<<<<

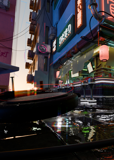 Мир, где технологии достигли пика, но нищета и хаос остаются неотъемлемой частью городской жизни. В центре сцены — небольшой двор с азиатским кафе, окружённый высотными зданиями, после дождя. Контраст между неоновым сиянием и запущенностью пространства передаёт дух киберпанка, где реальность балансирует между прогрессом и упадком.
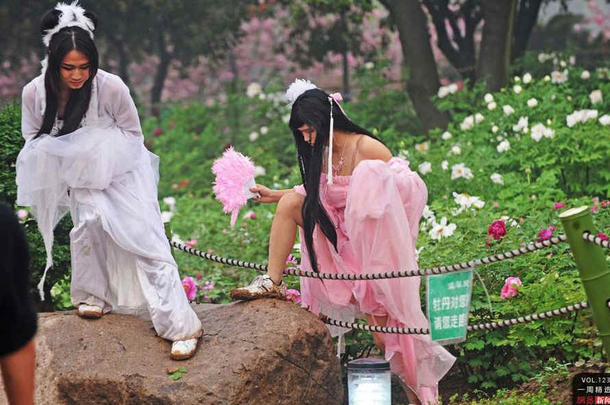 4月9日,湖北武汉,一群“伪娘”亮相武汉东湖牡丹园。这群“伪娘”是武汉“爱丽丝伪娘团”的成员。该团对团员要求严格,“腿要又细又长,个子不能太魁梧,脸要长得秀气俊俏。”CFP
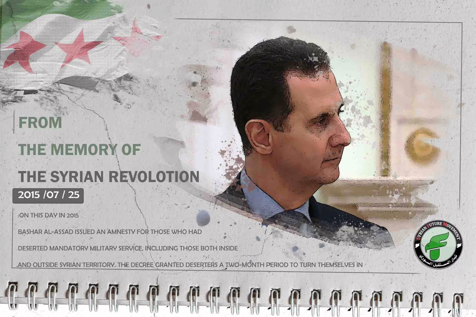 On this day in 2015: Bashar al-Assad issued an amnesty for those who had deserted mandatory military service, including those both inside and outside Syrian territory. The decree granted deserters a two-month period to turn themselves in.
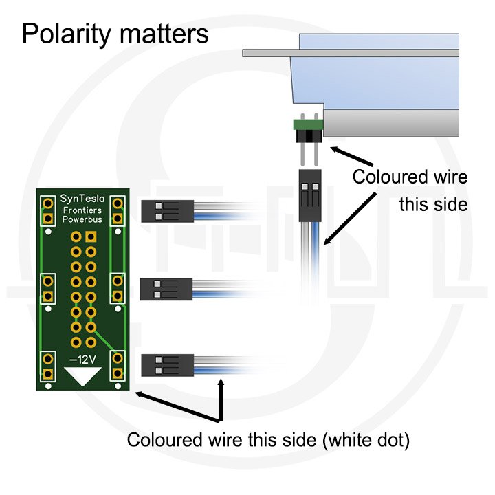 The basic kit offers a mix of 4 colors, red, blue, green, orange, 4 x 50cm (20″) power cables and a eurorack compatible power plug.
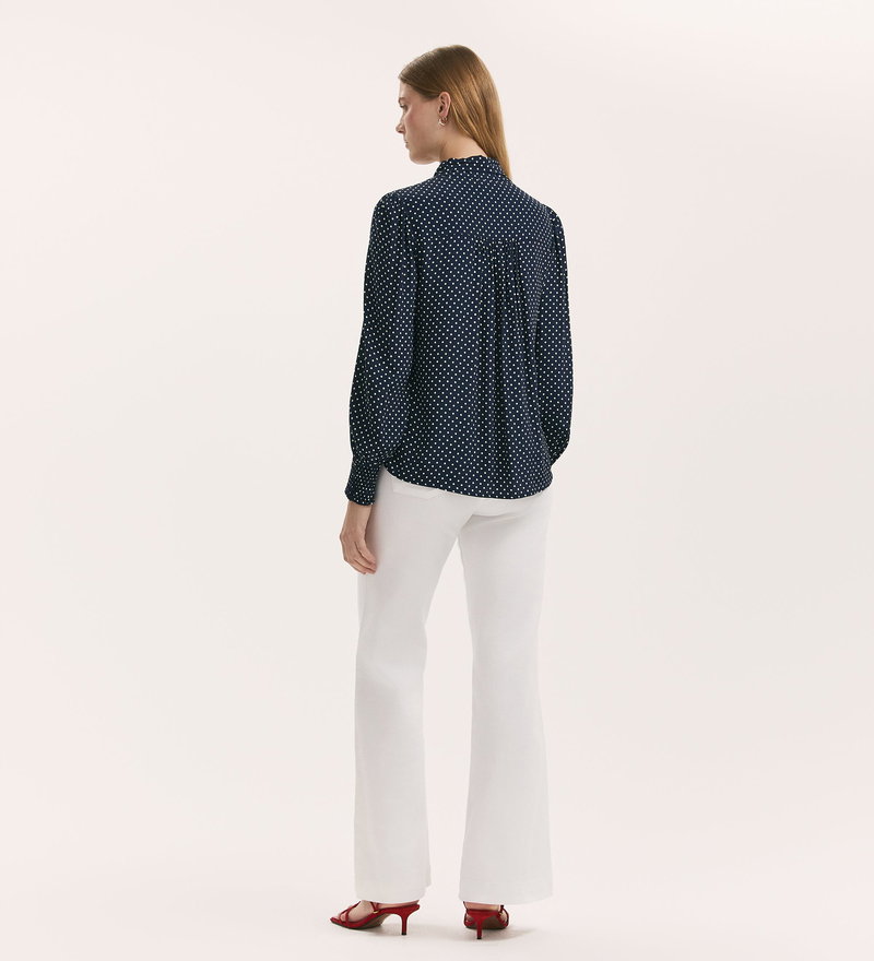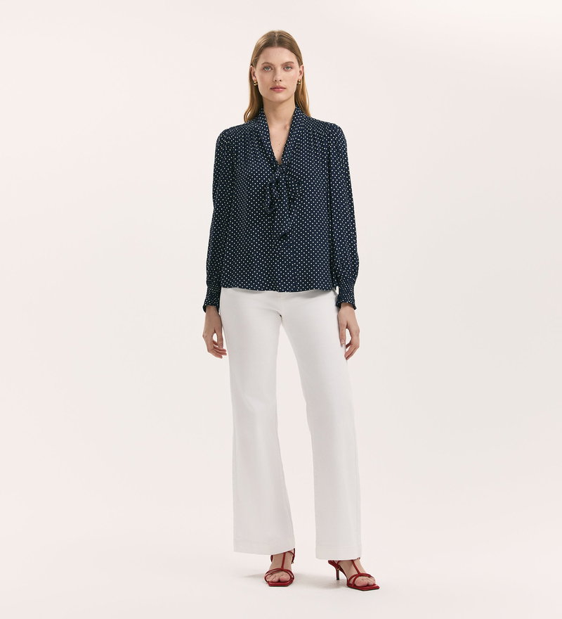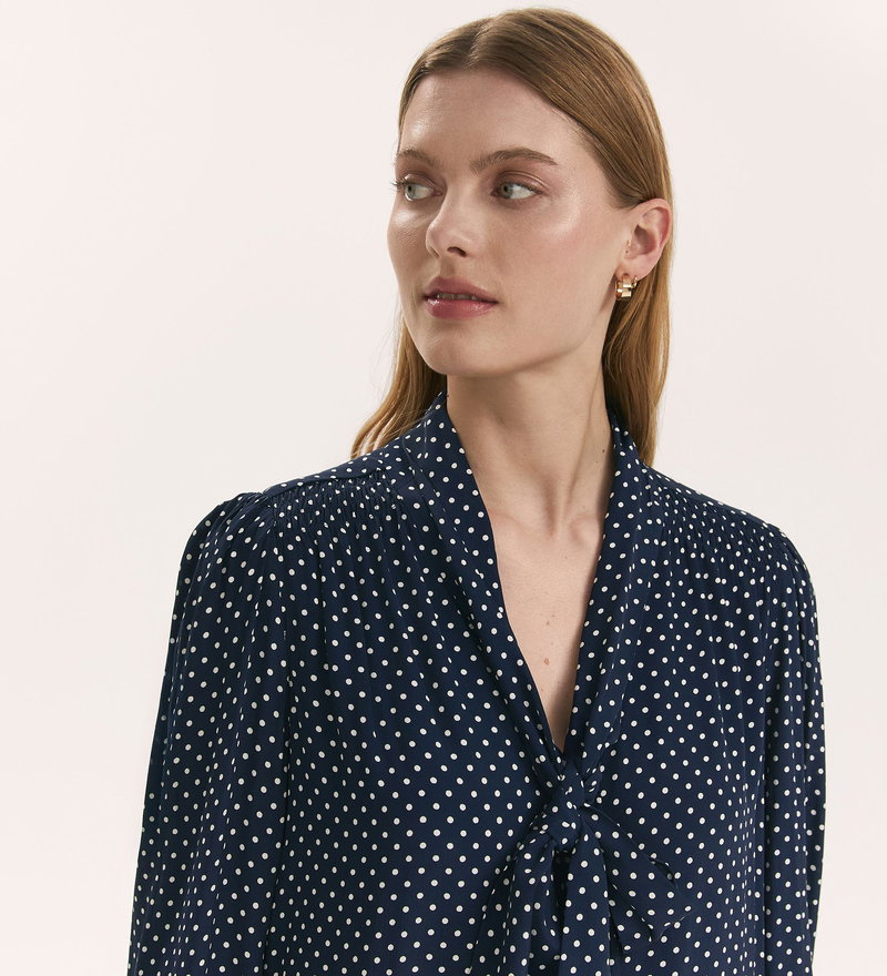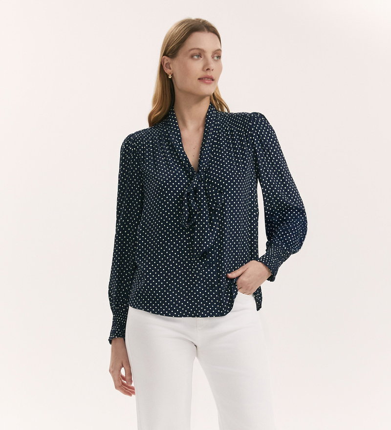 Mavis Navy Polka Dot Pussy Bow Crepe Blouse
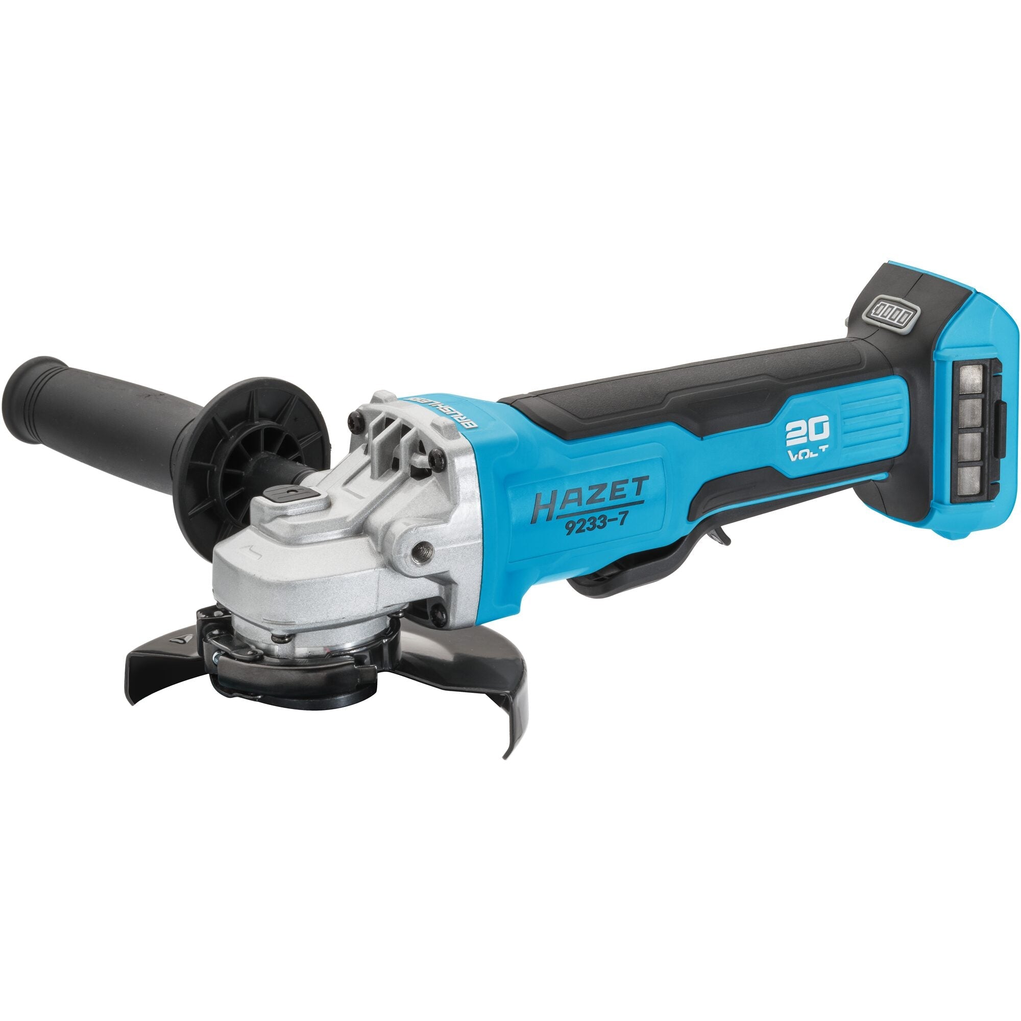 High efficiency thanks to brushless motor. Basic unit cordless right-angle grinder, without rechargeable battery. Compatible with HAZET rechargeable batteries 9212-02 and 9212-05. Ergonomic and compact housing design. Device stops if the speed drops sharply due to canting. Function against unintentional motor start when changing the battery. Mesh fabric protects motor from dirt. Motor stop 2 seconds after switch-off. Extremely flat head with low angle. Constant speed even during difficult work. Soft startup for greater comfort. Safety release lever. Lateral handle, to be used on left or right side. Including 1 protection cover each: for cut-off wheels, for rough grinding wheels. Quick adjustment of protection cover without tools. Spindle thread: M 14. Spindle lock. Weight with battery: 2.28 kg. Weight without battery: 1.53 kg. Vibration acceleration: 7.90 m/s2. Dimensions / length: 345.1 mm. Sound pressure level: 89 dB(A) Lp A. Revolutions per minute: 8000.

>>>>

What you have to do: Once the images are dropped, set down the remaining material word for word.

Result:
 Мир, где технологии достигли пика, но нищета и хаос остаются неотъемлемой частью городской жизни. В центре сцены — небольшой двор с азиатским кафе, окружённый высотными зданиями, после дождя. Контраст между неоновым сиянием и запущенностью пространства передаёт дух киберпанка, где реальность балансирует между прогрессом и упадком.
 4月9日,湖北武汉,一群“伪娘”亮相武汉东湖牡丹园。这群“伪娘”是武汉“爱丽丝伪娘团”的成员。该团对团员要求严格,“腿要又细又长,个子不能太魁梧,脸要长得秀气俊俏。”CFP
 On this day in 2015: Bashar al-Assad issued an amnesty for those who had deserted mandatory military service, including those both inside and outside Syrian territory. The decree granted deserters a two-month period to turn themselves in.
 The basic kit offers a mix of 4 colors, red, blue, green, orange, 4 x 50cm (20″) power cables and a eurorack compatible power plug.
 Mavis Navy Polka Dot Pussy Bow Crepe Blouse
 High efficiency thanks to brushless motor. Basic unit cordless right-angle grinder, without rechargeable battery. Compatible with HAZET rechargeable batteries 9212-02 and 9212-05. Ergonomic and compact housing design. Device stops if the speed drops sharply due to canting. Function against unintentional motor start when changing the battery. Mesh fabric protects motor from dirt. Motor stop 2 seconds after switch-off. Extremely flat head with low angle. Constant speed even during difficult work. Soft startup for greater comfort. Safety release lever. Lateral handle, to be used on left or right side. Including 1 protection cover each: for cut-off wheels, for rough grinding wheels. Quick adjustment of protection cover without tools. Spindle thread: M 14. Spindle lock. Weight with battery: 2.28 kg. Weight without battery: 1.53 kg. Vibration acceleration: 7.90 m/s2. Dimensions / length: 345.1 mm. Sound pressure level: 89 dB(A) Lp A. Revolutions per minute: 8000.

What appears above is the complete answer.